The latest seasoned media vet to enter this brave new world of psychoactive culinary exploration is none other than acclaimed James Beard Award-winning food critic Jeffrey Steingarten, who travels to stoner-friendly Colorado on assignment for Vogue. His mission: "to experience, or reexperience, the joy of cooking with cannabis." His accomplishment: coming away from a weed-filled weekend in the Rockies looking like less of a fuddy-duddy than Dowd, albeit just as much of a lightweight. The guy takes two puffs of a joint, becomes "incomprehensibly high" and quickly develops a new appreciation for French fries. Not exactly breaking new ground here.

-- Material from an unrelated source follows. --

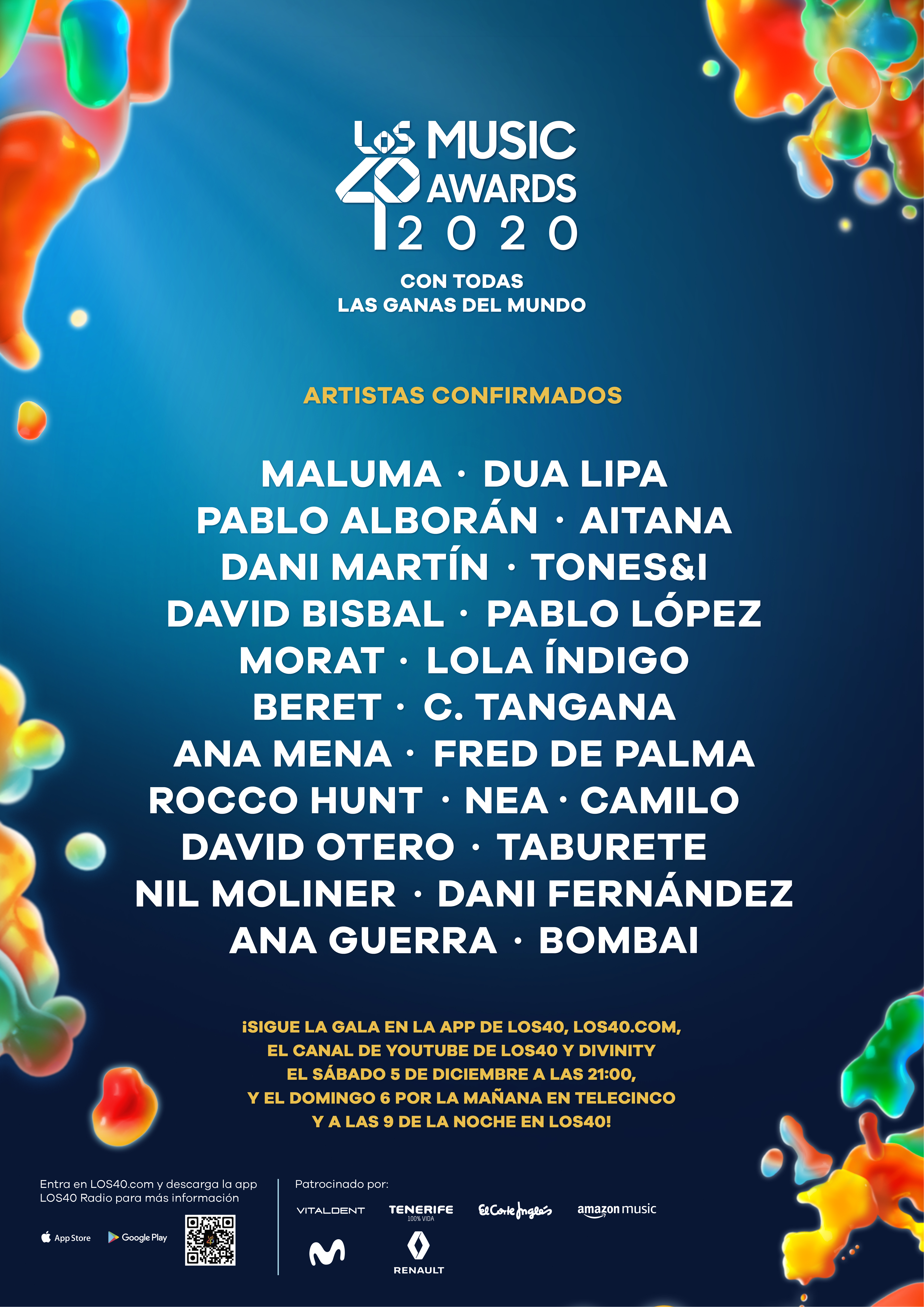 Para llenar por una noche todos los hogares españoles de la mejor música, LOS40 Music Awards 2020 contarán con Dua Lipa, Maluma, Pablo Alborán, Aitana y Dani Martín, que unirán sus voces a estrellas como David Bisbal, Ana Mena, Ana Guerra, Lola Índigo, David Otero, Pablo López, Taburete, Morat, Camilo, Beret, C. Tangana, Nea, Nil Moliner, Dani Fernández, Rocco Hunt, Fred de Palma, Bombai y Tones & I.

Despite devoting an extensive 4,179 words to the subject, Steingarten offers scarcely any insights into ganja-enhanced gastronomy at all, save for a breezy overview of what he gleaned from reading a few cannabis-themed cookbooks.

The most intelligent tidbit comes from Jessica Catalano's The Ganja Kitchen Revolution — "that marijuana is an herb, that each strain has its own aroma and taste, and that in cooking it should play its part in creating the flavor of the dish, just like sage or tarragon." But, it's an idea that Steingarten doesn't even bother to test-out because: (a) his modest high-end-fashion-magazine budget doesn't afford him a smorgasbord of strains to choose from, and (b) he doesn't really like the smell of weed, anyway.

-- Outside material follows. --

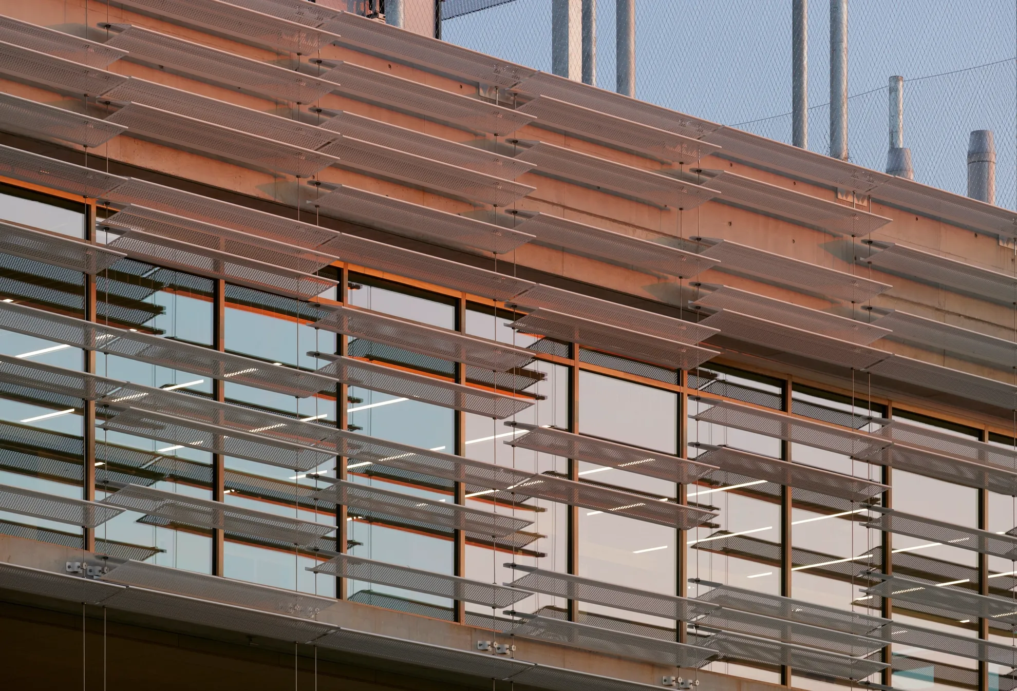 The perforated aluminium blades shade a system of glass windows with operable sections to facilitate natural ventilation. The concertina-like screens provide an ephemeral vail, imbuing the facade with a sense of movement.

In fact, Steingarten doesn't do much cooking to speak of, apart from adding a few drops of THC oil to his wife's yogurt, baking some bad cookies and later whipping up a batch of the sacred Hindu beverage called bhang, which actually turned out to be quite delicious.

Steingarten even takes a swipe at Alice B. Toklas' infamous 1954 recipe for "Haschich Fudge," which he says "tastes unpleasant and won't do anything for you." As someone who's actually tested the Toklas recipe, this writer can confirm Steingarten's assessment of the flavor profile, anyway. But, rest assured, with a few minor tweaks, ol' Alice's formula works just fine.

Drawing little to no conclusion from his long, strange trip, Steingarten leaves us with merely a reference to one of Colorado's state songs: John Denver's "Rocky Mountain High."